Exposition résultant du programme Autorésidences.

Autorésidences est un programme de résidences à distance initié par AXENÉO7 dans le contexte exceptionnel de la pandémie afin de continuer à soutenir la recherche et le développement des pratiques en art actuel.

Soirée d'ouverture le mercredi 15 mars 2023 de 19 h à 23 h.
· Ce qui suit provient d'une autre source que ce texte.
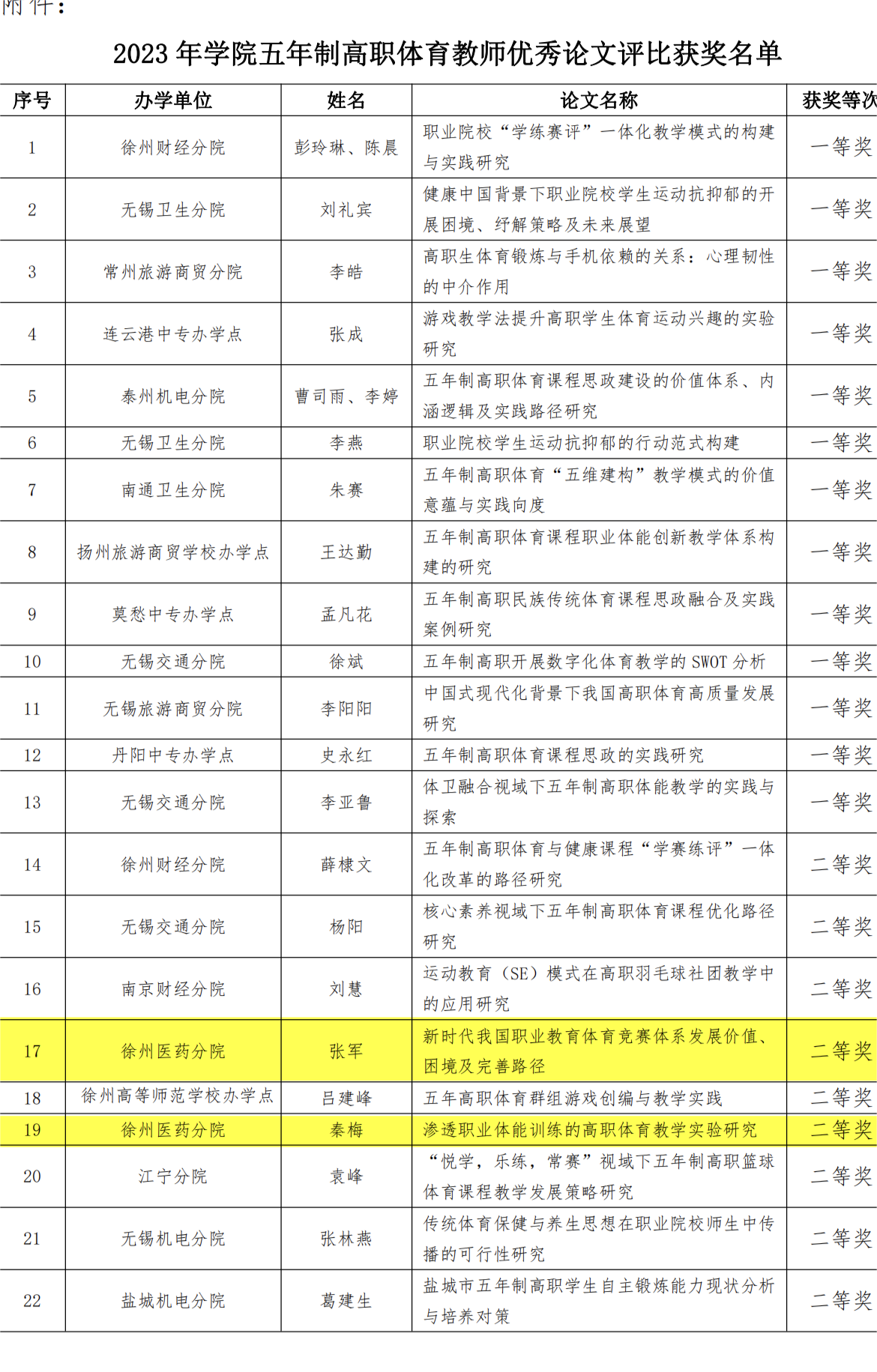 2024年1月4日,联院网站公布《关于组织学院五年制高职体育教师优秀论文评比的通知》的获奖名单,学院学指委体育指导委员会组织专家评审、公示,确定一等奖13篇、二等奖25篇、三等奖37篇。我校张军、秦梅老师的论文《新时代我国职业教育体育竞赛体系发展价值、困境及完善路径》、《渗透职业体能训练的高职体育教学实验研究》均获得二等奖。

Musique par Dj Rodrigo Medrano

Entrée libre
Bar payant — Carte seulement
Stationnement gratuit

MG-1997-PRED-45

Entre le 20 et le 31 mai 1997, Igor Zabel (1958-2005), auteur, théoricien et commissaire d’exposition slovène, a organisé Inexplicable Presence (Curator’s Working Place)  [La présence inexplicable (La salle de travail du commissaire)]. Cette exposition de 11 jours seulement a pris place dans une pièce au sous-sol de la Moderna galerija, le Musée d’Art Moderne de Ljubljana (là où Zabel était employé comme commissaire d’exposition). À l’occasion de cette intime expérimentation, Zabel a invité chacun et chacune des artistes[1] avec l’aide d’un court texte et d’une photographie. C’est ce point de départ commissarial qui initie donc chacune des contributions artistiques. 

La petite pièce était utilisée à la fois comme bureau commissarial temporaire, et à la fois comme espace d’exposition ; espace où Zabel tenta une différente façon d’exposer et de rencontrer les visiteurs dans ce qu’il nomme comme « the peripheral, ephemeral, accidental, and arbitrary »[2] [le périphérique, l’éphémère, l’accidentel et l’arbitraire], et tenta aussi d’imaginer « the possibility of low-budget projects »[3] [la possibilité des projets à petits budgets], tout en interrogeant son propre rôle de commissaire[4]. 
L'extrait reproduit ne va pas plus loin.